Assignment => Once "Death Registration: Year: 1910" turns up in a line below, reproduce that line and those after it exactly, stopping after the line with "Suede sandals with"; leave pictures out.

Dataset extract =>
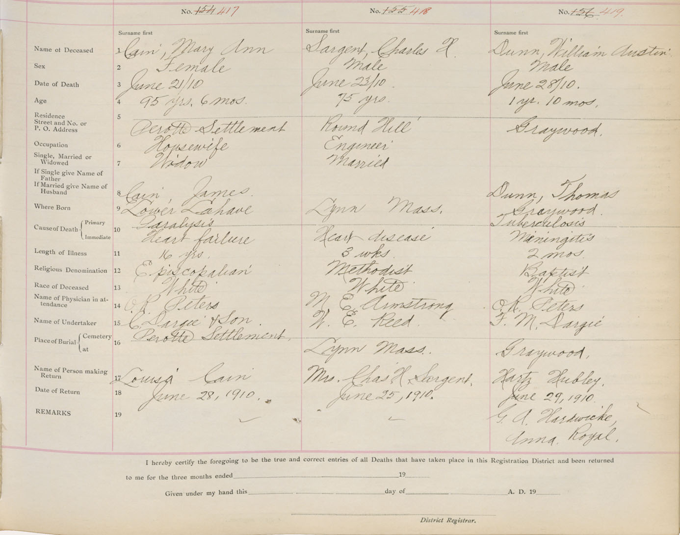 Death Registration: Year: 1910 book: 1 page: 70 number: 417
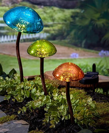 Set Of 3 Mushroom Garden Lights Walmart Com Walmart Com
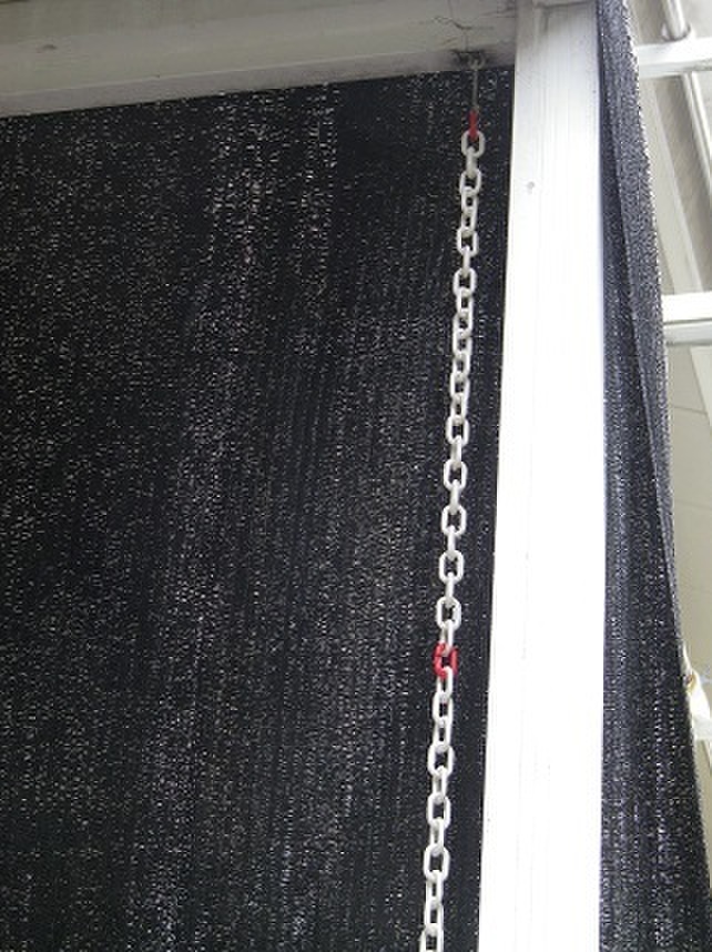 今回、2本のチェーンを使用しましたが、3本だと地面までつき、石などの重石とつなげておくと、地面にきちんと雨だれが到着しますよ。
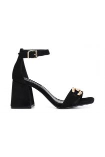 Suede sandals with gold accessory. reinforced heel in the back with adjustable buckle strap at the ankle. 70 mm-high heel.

...

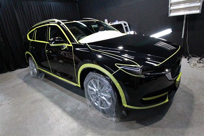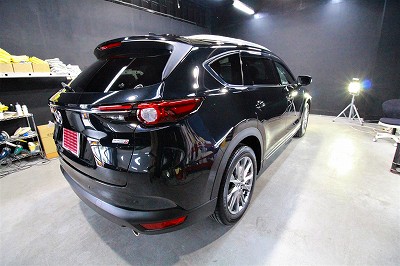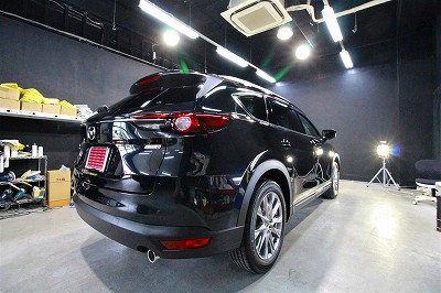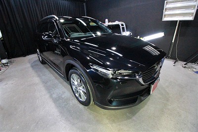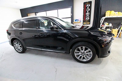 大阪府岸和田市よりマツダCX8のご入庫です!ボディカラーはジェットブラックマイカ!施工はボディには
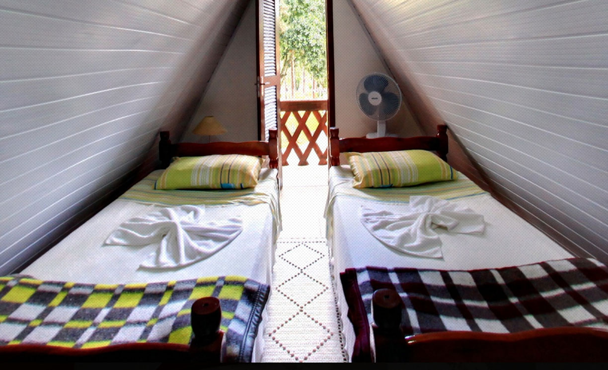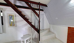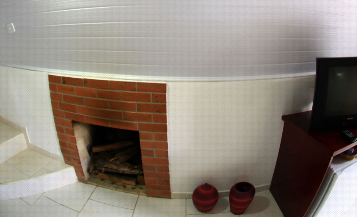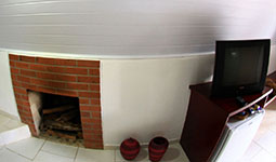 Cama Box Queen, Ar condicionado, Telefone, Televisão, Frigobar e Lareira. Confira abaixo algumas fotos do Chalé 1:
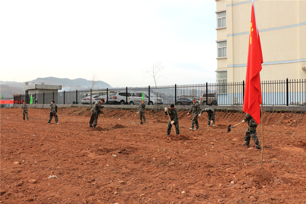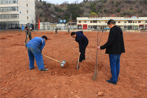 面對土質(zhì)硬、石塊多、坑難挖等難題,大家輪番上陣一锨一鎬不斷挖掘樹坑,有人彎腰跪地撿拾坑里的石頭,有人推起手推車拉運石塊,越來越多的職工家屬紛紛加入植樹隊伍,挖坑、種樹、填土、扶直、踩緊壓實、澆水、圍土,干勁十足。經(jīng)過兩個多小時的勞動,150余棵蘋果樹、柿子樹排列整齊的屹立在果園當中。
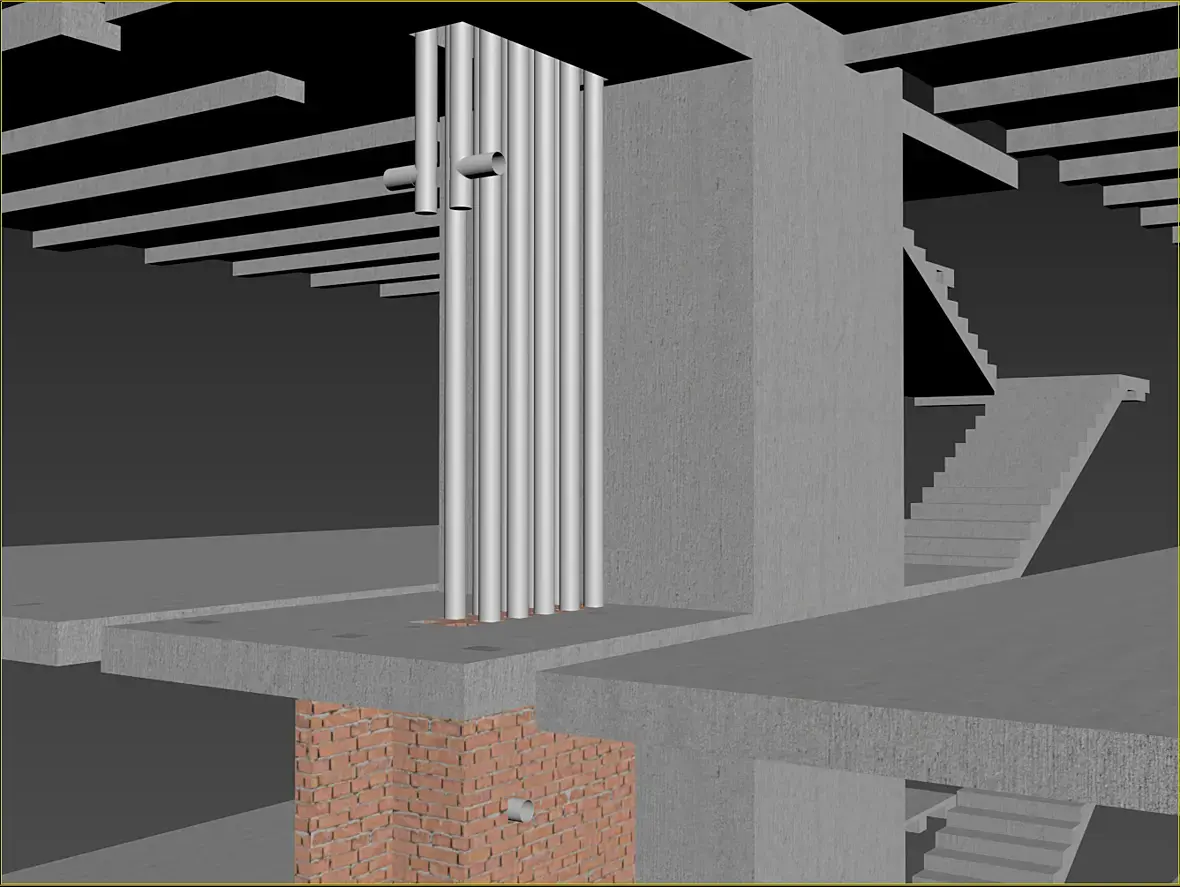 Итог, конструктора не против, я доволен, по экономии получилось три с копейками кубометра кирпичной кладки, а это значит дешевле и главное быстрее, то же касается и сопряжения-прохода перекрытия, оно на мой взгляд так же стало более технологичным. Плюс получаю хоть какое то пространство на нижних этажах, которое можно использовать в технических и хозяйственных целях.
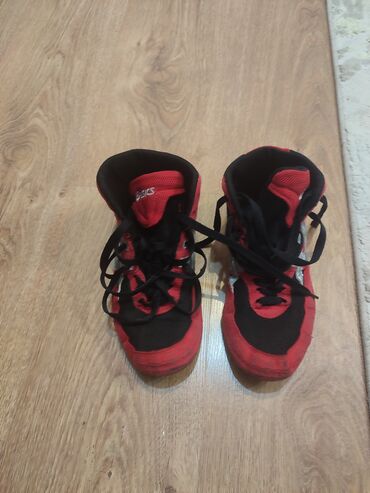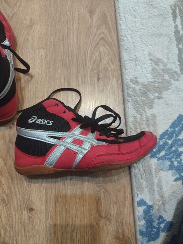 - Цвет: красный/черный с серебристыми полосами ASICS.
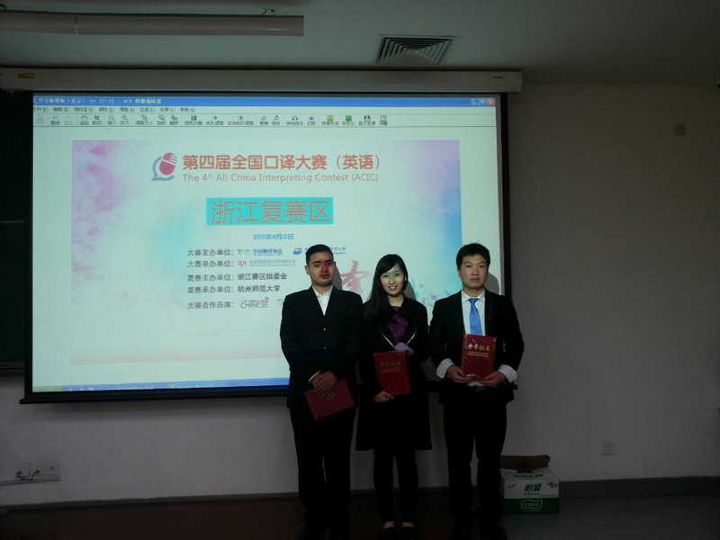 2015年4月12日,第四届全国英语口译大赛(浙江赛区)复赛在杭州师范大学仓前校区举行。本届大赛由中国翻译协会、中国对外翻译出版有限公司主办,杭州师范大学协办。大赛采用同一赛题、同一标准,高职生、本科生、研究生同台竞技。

Exercise answer =>
 Death Registration: Year: 1910 book: 1 page: 70 number: 417
 Set Of 3 Mushroom Garden Lights Walmart Com Walmart Com
 今回、2本のチェーンを使用しましたが、3本だと地面までつき、石などの重石とつなげておくと、地面にきちんと雨だれが到着しますよ。
 Suede sandals with gold accessory. reinforced heel in the back with adjustable buckle strap at the ankle. 70 mm-high heel.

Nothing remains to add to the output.